Note: Although one of the objectives of this exercise is to help
you become more informed about your own family, if you are unable to
collect information from your family, or if your family feels uncomfortable
discussing this information, you can interview a neighbors or
friends family instead.
- Do your parents
have as many children as your grandparents had? as your great-grandparents
had?
- Are there differences
among the generations in respect to life expectancy?
- Are there differences
between the sexes in respect to life expectancy?
- Did any of your
family suffer from diseases that are preventable today?
- Does your data
suggest any relationship between life expectancy, occupation, and/or
education level and the number of children people had?
- How large a family
would you like to have? Does knowing your family history have any
bearing on your decision? How does your decision fit into your family
tree?
4. Peoples decisions about family size affect not only themselves,
but also the other people they share resources with. This exercise helps
show how changes in population size over time can affect the demand
on public services and resources. The more information and the more
types of information you can collect, the more complete picture you
can make, so it is best to do this exercise with a whole class. Because
some information may be difficult to find, you may have to settle for
estimates, but estimates can still show trends.
- Find out what
your communitys population was ten years ago and what it is
today. Has it grown or declined, and by how much?
- With your class,
make a list of the services and resources you and your family share
with other members of your community. (Some ideas may include: schools,
roads, public transportation, water, sewerage systems, electricity,
telephones, fuel, or farm land.)
- Look over the
list and discard any items that will be impossible to get information
on.
- Break up into
small groups, with each group taking different items from the list.

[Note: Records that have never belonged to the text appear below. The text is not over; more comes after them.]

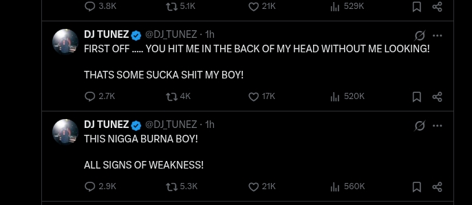 He followed up with another post, stating, “THIS NIGGA BURNA BOY! ALL SIGNS OF WEAKNESS!”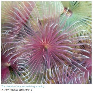 정말로 대단하지 않은가? 이 벌레가 어찌 이렇게 놀랍고도 혁신적 인 디자인을 고안하였으며, 그것을 정교하게 가다듬는 데 얼마만한 세월이 흘렀을까? 해양 벌레의 다양성과 복잡성을 살펴보면, 서두에서 소개한 아이 들의 섬뜩한 노래를 만든 사람은 아마도 바다 밑에서 사는 놀라운 벌레들을 경험해보지 못하였으리란 짐작이 들 것이다.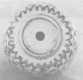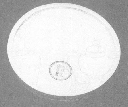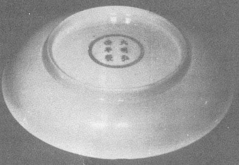 图79 正德青花阿拉伯文字器座 正德官窑器型较多,立器比较厚重,接胎痕迹明显。瓶、觚类瓷胫部外撇后下收,像加厚一块,而正德之前的瓶、觚类胫部只外撇不内收。碗、盘圈足稍高,直立或外撇、盘塌底。大件器增多,大罐、大葫芦瓶渐多且出现绣墩(图77),绣墩是坐器。从宋代的画上得知,当时已有藤编木制或漆制坐墩;据说元代时已有瓷坐墩了,但没见过实物和报道,所见最早的绣墩是正德的,万历较多。明代绣墩主要特点是:造型瘦高,上下瘦、中间肥、上下边各有一排稀疏的大鼓钉(绣墩本身就是仿鼓的形状制作的),坐面向上凸起,面、壁交汇处的折楞圆滑。 正德时期官窑款写得很工整,排列稍显松散,六字或四字款都有。正德的“德”字和宣德的“德”字一样,“心”字上没有一横,呈“德”状(图80、81)。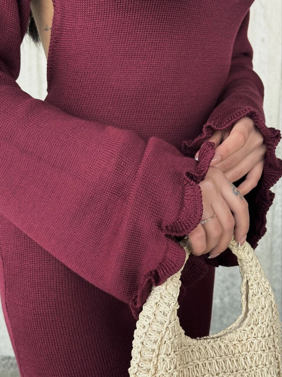 Sofanest Acık Sırt Detaylı Maxi Uzun Boy Elbise- Bordo

With your small group find evidence of how demand for your resources
or services has changed over the past ten years. You may find that
ten years ago, a particular service did not even exist, or that a
resource that was widely used ten years ago is not around today. Use
as many different sources as possible--in addition to your local government
offices, interviews with older family members and neighbors, photographs,
newspaper clippings and archives, and utility companies can be good
sources of information.
- With your small
group, present your findings to the class in a short written or oral
report.
- As a whole class
compare the findings with the population trends. As population has
grown or declined, which items have grown or declined with it? Which
have not?
- Individually,
use the evidence your class has collected to write a paper answering
the question: If your communitys population continues to grow
or decline over the next ten years as it has in the past ten years,
what additional changes do you expect to see in the demand for resources
and services? Is this sustainable? Explain.